__Problem to solve__.
Only one stretch of the records below should be repeated. It starts with the line containing "にほんブログ村 タグ :#小学生#工作#紙屑まみれ#折り紙" and goes on through the line containing "This section explains", exactly as written.

__Working data__.
________________________
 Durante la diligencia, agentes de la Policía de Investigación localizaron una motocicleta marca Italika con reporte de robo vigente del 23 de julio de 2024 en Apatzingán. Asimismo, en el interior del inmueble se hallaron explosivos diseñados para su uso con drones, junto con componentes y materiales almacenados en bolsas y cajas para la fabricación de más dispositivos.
________________________
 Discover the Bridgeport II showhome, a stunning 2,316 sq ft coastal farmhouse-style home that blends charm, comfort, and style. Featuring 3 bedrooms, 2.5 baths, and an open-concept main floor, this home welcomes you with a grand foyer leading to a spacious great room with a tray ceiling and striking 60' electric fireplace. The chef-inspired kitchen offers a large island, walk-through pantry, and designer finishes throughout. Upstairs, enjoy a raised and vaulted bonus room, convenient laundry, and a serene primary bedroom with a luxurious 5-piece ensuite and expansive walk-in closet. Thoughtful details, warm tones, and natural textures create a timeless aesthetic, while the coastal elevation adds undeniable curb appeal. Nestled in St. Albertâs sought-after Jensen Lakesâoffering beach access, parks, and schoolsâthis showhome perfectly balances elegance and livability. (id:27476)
________________________
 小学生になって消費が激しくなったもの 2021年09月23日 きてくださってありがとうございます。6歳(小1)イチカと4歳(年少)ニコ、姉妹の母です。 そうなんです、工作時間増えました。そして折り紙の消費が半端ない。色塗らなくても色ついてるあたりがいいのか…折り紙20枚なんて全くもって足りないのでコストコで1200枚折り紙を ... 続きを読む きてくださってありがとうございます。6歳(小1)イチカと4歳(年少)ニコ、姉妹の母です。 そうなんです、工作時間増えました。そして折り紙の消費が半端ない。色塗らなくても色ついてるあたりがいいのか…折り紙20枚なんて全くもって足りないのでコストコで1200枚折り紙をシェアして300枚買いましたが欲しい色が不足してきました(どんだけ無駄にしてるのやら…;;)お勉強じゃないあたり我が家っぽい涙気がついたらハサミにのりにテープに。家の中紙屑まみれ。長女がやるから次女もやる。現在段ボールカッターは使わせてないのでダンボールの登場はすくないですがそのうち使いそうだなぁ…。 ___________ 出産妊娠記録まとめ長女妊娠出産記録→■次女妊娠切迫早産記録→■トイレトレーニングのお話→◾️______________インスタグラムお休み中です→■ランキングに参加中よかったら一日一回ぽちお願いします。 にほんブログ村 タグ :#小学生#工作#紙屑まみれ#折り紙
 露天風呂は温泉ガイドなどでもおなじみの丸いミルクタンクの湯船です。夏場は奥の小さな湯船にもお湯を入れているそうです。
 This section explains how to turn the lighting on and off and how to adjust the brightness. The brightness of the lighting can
________________________
__Exercise output__.
 小学生になって消費が激しくなったもの 2021年09月23日 きてくださってありがとうございます。6歳(小1)イチカと4歳(年少)ニコ、姉妹の母です。 そうなんです、工作時間増えました。そして折り紙の消費が半端ない。色塗らなくても色ついてるあたりがいいのか…折り紙20枚なんて全くもって足りないのでコストコで1200枚折り紙を ... 続きを読む きてくださってありがとうございます。6歳(小1)イチカと4歳(年少)ニコ、姉妹の母です。 そうなんです、工作時間増えました。そして折り紙の消費が半端ない。色塗らなくても色ついてるあたりがいいのか…折り紙20枚なんて全くもって足りないのでコストコで1200枚折り紙をシェアして300枚買いましたが欲しい色が不足してきました(どんだけ無駄にしてるのやら…;;)お勉強じゃないあたり我が家っぽい涙気がついたらハサミにのりにテープに。家の中紙屑まみれ。長女がやるから次女もやる。現在段ボールカッターは使わせてないのでダンボールの登場はすくないですがそのうち使いそうだなぁ…。 ___________ 出産妊娠記録まとめ長女妊娠出産記録→■次女妊娠切迫早産記録→■トイレトレーニングのお話→◾️______________インスタグラムお休み中です→■ランキングに参加中よかったら一日一回ぽちお願いします。 にほんブログ村 タグ :#小学生#工作#紙屑まみれ#折り紙
 露天風呂は温泉ガイドなどでもおなじみの丸いミルクタンクの湯船です。夏場は奥の小さな湯船にもお湯を入れているそうです。
 This section explains how to turn the lighting on and off and how to adjust the brightness. The brightness of the lighting can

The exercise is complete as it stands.